The environment is a verifiers environment, which does a lot for us: state management, the multi-turn conversation loop, trajectory tracking, and rubric scoring. To work with it we need a trainer, and that can be anything that speaks the protocol verifiers accepts: SkyRL, Prime RL, whatever. I use t2f-trainer, a fork of verifiers-rl extracted into its own package. The connection point between the model, the environment, and the trainer is the env.generate() function in verifiers. And that's it.

PieceWhat
model HuggingFace model ID. Loaded into vLLM for inference and into transformers/deepspeed for training.
environment A verifiers environment: dataset + reward functions + conversation loop. Versioned Python package, importable, reproducible.
trainer Orchestrates rollouts, computes advantages, runs the training loop, syncs weights back to vLLM via NCCL.

Two GPUs on one node: one for inference (vLLM), one for training.
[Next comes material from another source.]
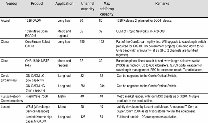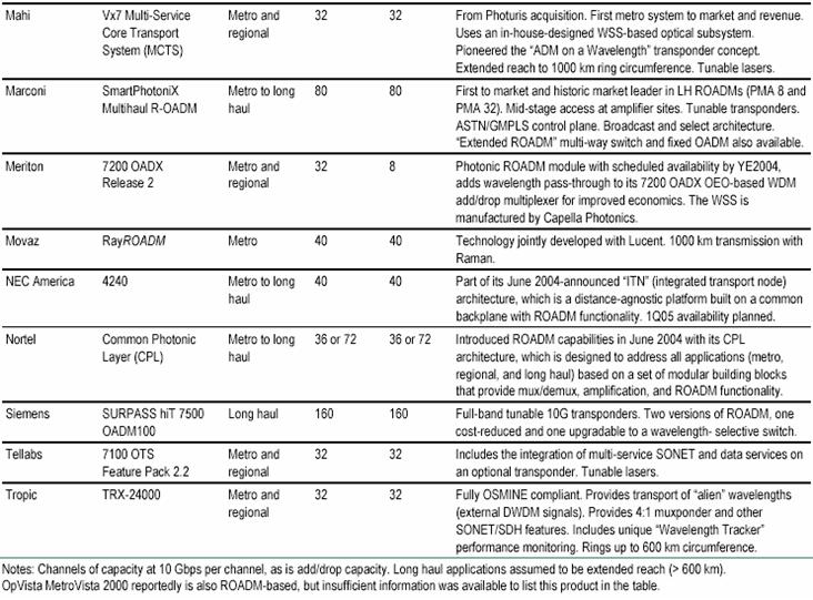 ROADM 的市場(chǎng)可以分為城域,即城市范圍內(nèi),和長(zhǎng)途,特別是延長(zhǎng)距離(>600km)城市之間的應(yīng)用。客戶的需求、和多數(shù)情況下提供的產(chǎn)品可以是大不相同的。城域應(yīng)用又可細(xì)分為基礎(chǔ)設(shè)施 – ROADM由運(yùn)營(yíng)商裝備作為公共網(wǎng)絡(luò)利用,和客戶接入管理服務(wù) – 典型情況是設(shè)備提供的管理服務(wù)賣給專門的客戶。根據(jù) RHK 在2005年的統(tǒng)計(jì),主要的 ROADM 產(chǎn)品和供應(yīng)商如表2所列[4]。
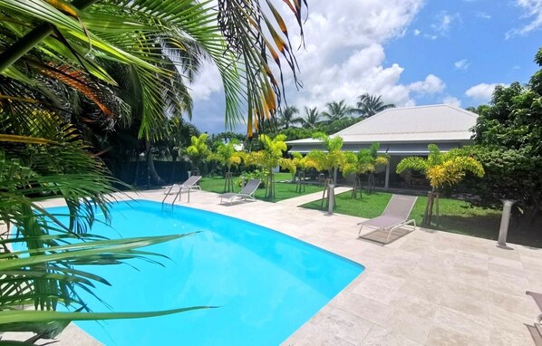 Tuin / terras: 30 m² terras met hangmatten en buitenlounge compleet voor maaltijden of ontspanning. De tuin van 800 m² volledig omheind, zonder tegenover, heeft schijnwerpers en 2 straatverlichting om meer van uw avonden en de verlichte tropische tuin te genieten.

After each training step, the trainer pushes updated weights to the inference server over NCCL so the next batch of rollouts uses the latest policy.

Verifiers Environment

What is an Environment

Every environment in verifiers is a multi-turn environment. That's the core class. A single-turn environment is just a multi-turn environment with turns set to 1, for example a simple question and answer environment.
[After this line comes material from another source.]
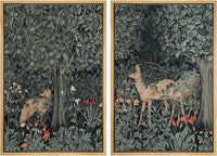 MUDECOR Framed Canvas Print Wall Art Enchanting Forest Wildlife Prints Deer & Fox in Woodland Nature Wilderness Illustrations Realism Decorative for Living Room, Bedroom, Office - 24"x36"x2 Natural

An environment packages three things: a dataset (task inputs), a harness (tools, sandboxes, context), and a rubric (reward functions that score the model). The environment is a loop: the model responds to something, the environment reacts, repeat until done.
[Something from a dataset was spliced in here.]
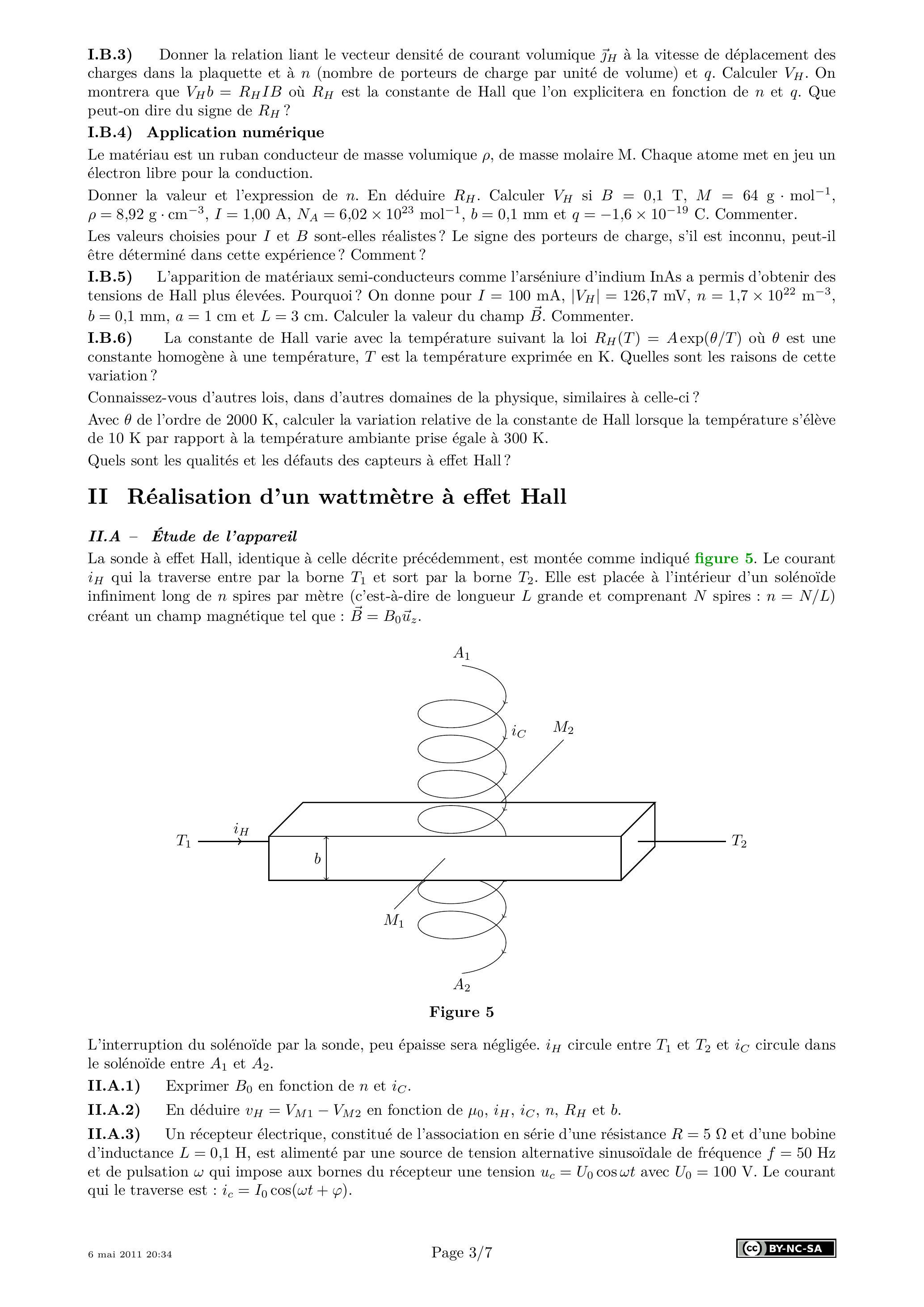 I.B.5) L'apparition de matériaux semi-conducteurs comme l'arséniure d'indium InAs a permis d'obtenir des tensions de Hall plus élevées. Pourquoi? On donne pour , et . Calculer la valeur du champ . Commenter.

The dataset gives you the starting state: a prompt and an info field with whatever the environment needs (follow-ups, ground truths, seeds). What turns a simple Q&A dataset into an agentic environment is env_response, the function that reacts to each model turn and feeds back the next message.

The Rollout Loop

Each rollout gets a state dict that lives for its full duration. It carries the dataset fields (state["info"], state["prompt"]), runtime data that verifiers populates as the rollout progresses (trajectory, completion, reward), and anything you store there yourself. state is passed to every function in the rollout: setup_state, env_response, stop conditions, cleanup, and reward functions all read from and write to the same object.

What happens
1setup_state(state) prepares per-rollout resources
2Model sees the conversation so far, generates a response
3Stop conditions checked. If done, go to 6
4env_response(messages, state) reacts: returns new messages to append
5Back to 2
6Final completion rendered, rubric scores the rollout, cleanup runs

env_response is the heart of it. For a "pre-planned" environment, it pulls the next follow-up from state["info"]. For a tool environment, it executes the model's tool calls and returns results. Verifiers doesn't know or care what happens inside, it just expects messages back.

python
# simple: pull follow-up from dataset
async def env_response(self, messages, state, **kwargs):
    turn = len([m for m in messages if m["role"] == "assistant"]) - 1
    return [{"role": "user", "content": state["info"]["follow_ups"][turn]}]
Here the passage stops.